Could the entries below be transcribed word for word, with the pictures omitted?

(Dataset entries)
_____
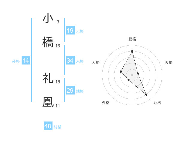小橋 礼凰さんを姓名の画数から五運を鑑定
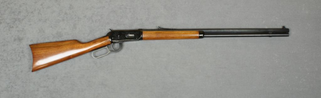 Winchester Canadian Centennial Model ’94 lever action rifle, .30-30 cal., 26” octagon barrel, blue finish, wood stocks, #31083. This gun is in excellent condition showing little use or handling; accompanied by aWinchester box and cardboard sleeve for the Buffalo Bill Commemorative which is not correct for this rifle. Est.: $250-$500.
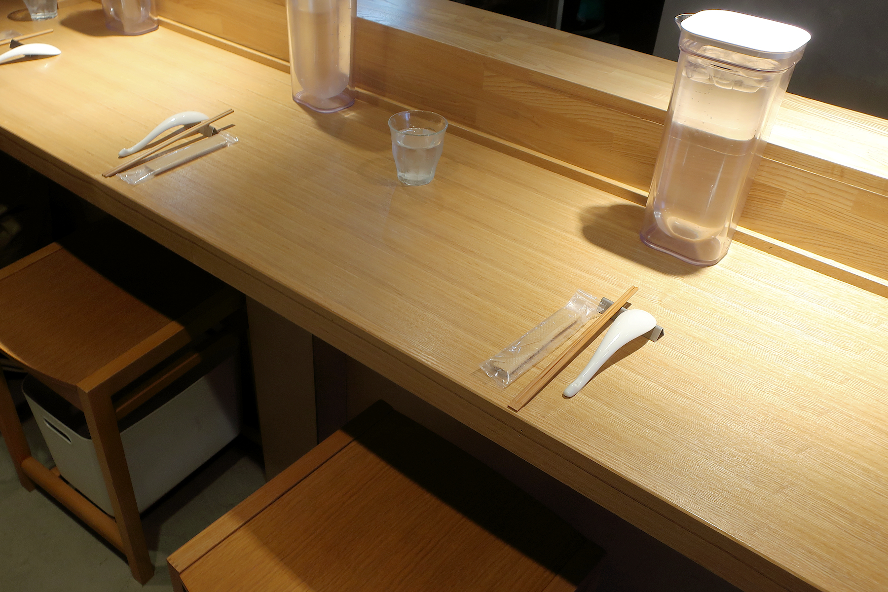 しかも真っ正面、、ラーメンが提供されたら、箸とレンゲを箸置きから落とさずに移動させる自信がありません。
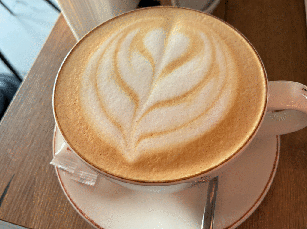 9:30運輸サービスの会社に着くも11:00発と告げられ時間調整。Coffee Line。Googleマップ☆4.5。カフェオレ大を1時間かけてのんびり飲みます。ちなみに10GELなので約580円くらい。日本と似たような価格かな。
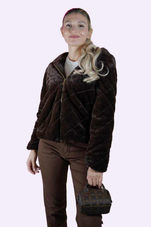 Kış stilinizi lüks bir dokunuşla tamamlayın! Ultra yumuşak ve sıcacık peluş kumaştan üretilen bu kahverengi ceket, şık kapitone desenleri ile modern bir hava katıyor. Soğuk günlerde ekstra koruma sağlayan kullanışlı kapüşon ve kontrast altın sarısı fermuar detayıyla dikkat çekiyor. Hem konforlu hem de göz alıcı bu parçayı, Jean pantolonlardan deri taytlara kadar her şeyle kombinleyerek şıklığınızı en üst seviyeye taşıyın.
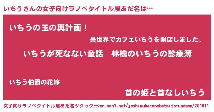 | 男性向けラノベタイトル風あだ名 | 『魔弾の王といちう』 |
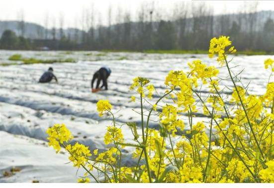 3月11日,農(nóng)民正在蔬菜基地勞作。隨著天氣回暖,各地農(nóng)民搶抓農(nóng)時,在田間地頭伴著花香進行春耕生產(chǎn)。李建新 攝
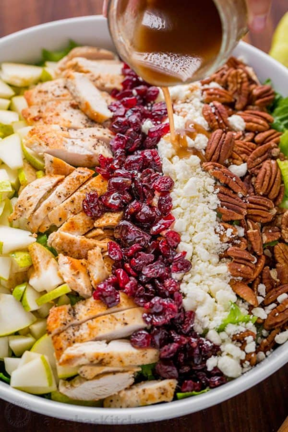 After a week of heavy soups and such, your body deserves some greens. Have a salad! This one keeps it in the fall theme and it’s delicious.
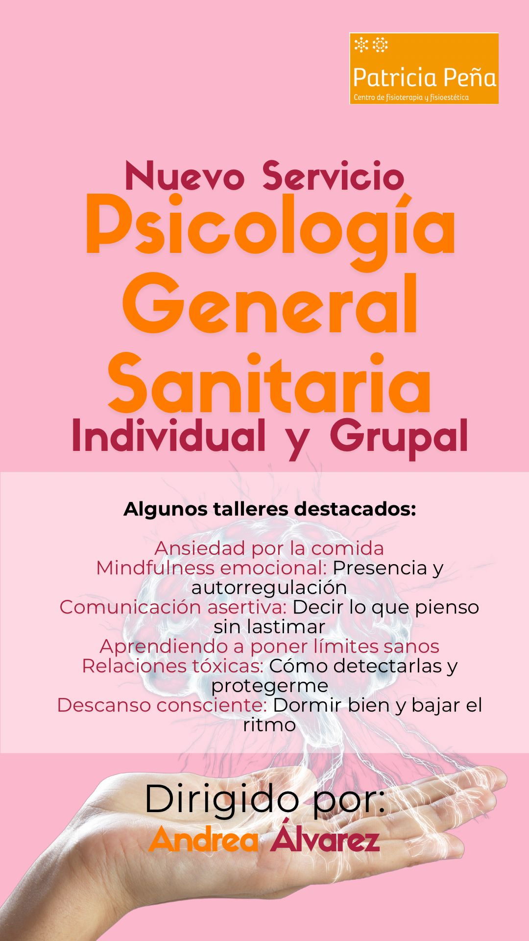 En Fisioterapia Patricia Peña hemos puesto en marcha un servicio de Psicología General Sanitaria, orientado a ayudarte a comprender lo que te ocurre, fortalecer tus recursos personales y recuperar tu bienestar emocional de forma profesional y cercana.
_____
# Reply to the exercise
小橋 礼凰さんを姓名の画数から五運を鑑定
 Winchester Canadian Centennial Model ’94 lever action rifle, .30-30 cal., 26” octagon barrel, blue finish, wood stocks, #31083. This gun is in excellent condition showing little use or handling; accompanied by aWinchester box and cardboard sleeve for the Buffalo Bill Commemorative which is not correct for this rifle. Est.: $250-$500.
 しかも真っ正面、、ラーメンが提供されたら、箸とレンゲを箸置きから落とさずに移動させる自信がありません。
 9:30運輸サービスの会社に着くも11:00発と告げられ時間調整。Coffee Line。Googleマップ☆4.5。カフェオレ大を1時間かけてのんびり飲みます。ちなみに10GELなので約580円くらい。日本と似たような価格かな。
 Kış stilinizi lüks bir dokunuşla tamamlayın! Ultra yumuşak ve sıcacık peluş kumaştan üretilen bu kahverengi ceket, şık kapitone desenleri ile modern bir hava katıyor. Soğuk günlerde ekstra koruma sağlayan kullanışlı kapüşon ve kontrast altın sarısı fermuar detayıyla dikkat çekiyor. Hem konforlu hem de göz alıcı bu parçayı, Jean pantolonlardan deri taytlara kadar her şeyle kombinleyerek şıklığınızı en üst seviyeye taşıyın.
 | 男性向けラノベタイトル風あだ名 | 『魔弾の王といちう』 |
 3月11日,農(nóng)民正在蔬菜基地勞作。隨著天氣回暖,各地農(nóng)民搶抓農(nóng)時,在田間地頭伴著花香進行春耕生產(chǎn)。李建新 攝
 After a week of heavy soups and such, your body deserves some greens. Have a salad! This one keeps it in the fall theme and it’s delicious.
 En Fisioterapia Patricia Peña hemos puesto en marcha un servicio de Psicología General Sanitaria, orientado a ayudarte a comprender lo que te ocurre, fortalecer tus recursos personales y recuperar tu bienestar emocional de forma profesional y cercana.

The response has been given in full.